Amyloidosis, sarcoidosis, Wegener’s granulomatosis and SBE all have anecdotal reports of mimicking TA. Treatment: The treatment depends on the presentation. Steroids are usually started immediately, before biopsy if the presentation merits it and the risks of steroids such as diabetes control and CHF are not an issue. Acute eye manifestations with threatened vision require immediate admission to the hospital and administration of 1mg/kg Medrol at a minimum and frequently either a gram of Solu-Medrol IV or 10mg of Dexamethasone IV. The vision must be monitored for visual acuity every four hours. Non acute presentations would be treated with 1mg/kg of Medrol or equivalent in split doses with consolidation in one month. The same precautions for osteoporosis and diabetes as are taken in PMR should be taken here. Response to initial treatment (as far as constitutional symptoms and PMR) should occur in 36-72 hours and the ESR should normalize in 7-10 days and headache, scalp tenderness, jaw and tongue claudication may take a little longer. Steroid sparing medications used include Methotrexate (one recent study did not show benefit as a steroid sparing drug), Imuran, Cytoxan, Dapsone, Cyclosporin and Plaquenil. Methotrexate in three controlled studies has had disparate results while the results of Dapsone have been poor. Cytoxan has had good outcomes for steroid sparing but the drug side effects convey high risk. Trimethoprim/sulfamethoxazole has helped anecdotally in steroid resistant cases. Future treatments may well involve the TNF inhibitors such as Infliximab and Etanercept which already have shown benefit with anecdotal reports and controlled studies have started. Every other day steroids work neither for TA of PMR and intravenous is not necessarily better than oral if you give equivalent potency.

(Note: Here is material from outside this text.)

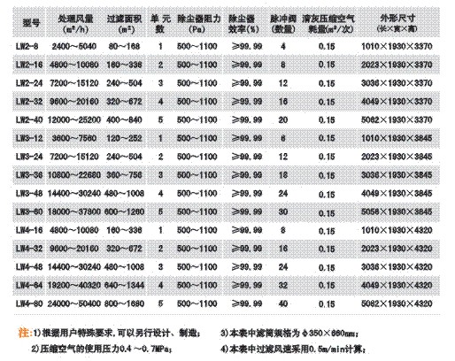 LW型系列濾筒式除塵器技術性能參數表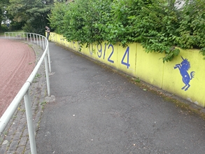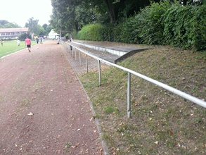 Der Platz hat auf einer Längsseite zwei Stufen, welche auf Höhe der Mittellinie als eine Art überdachte Terasse ausgebaut sind. Um den Platz gibt es eine Aschenlaufbahn.

Prognosis: Relapse if it occurs will occur usually in the first 18months after stopping therapy. Relapse rates are variously reported between 32 and 65%. With relapse the ESR and CRP may be normal. However sometimes the ESR is normal but the CRP is not and the IL6 level may be the most sensitive for relapse diagnosis. Ultimately in both PMR and TA about 14% develop RA. Because steroids are required for 2-3 years or more by one year complications of the steroids can exceed complications of the disease. Risk of death from TA increases three times normal in the first four months of the disease and patients die of vascular complications such as stroke and heart attack. The prognosis of TA returns to the normal age matched level after four months except for a 17 times increase in thoracic aortic aneurysm and aortic dissection. Therefore any new aortic insufficiency murmur should be considered a medical emergency. Finally fifteen percent of all TA patients may suffer permanent cranial ischemic complication that occur prior to or just after treatment and usually entail visual loss. This visual loss is from delayed diagnosis and treatment and is an area that improvement can occur.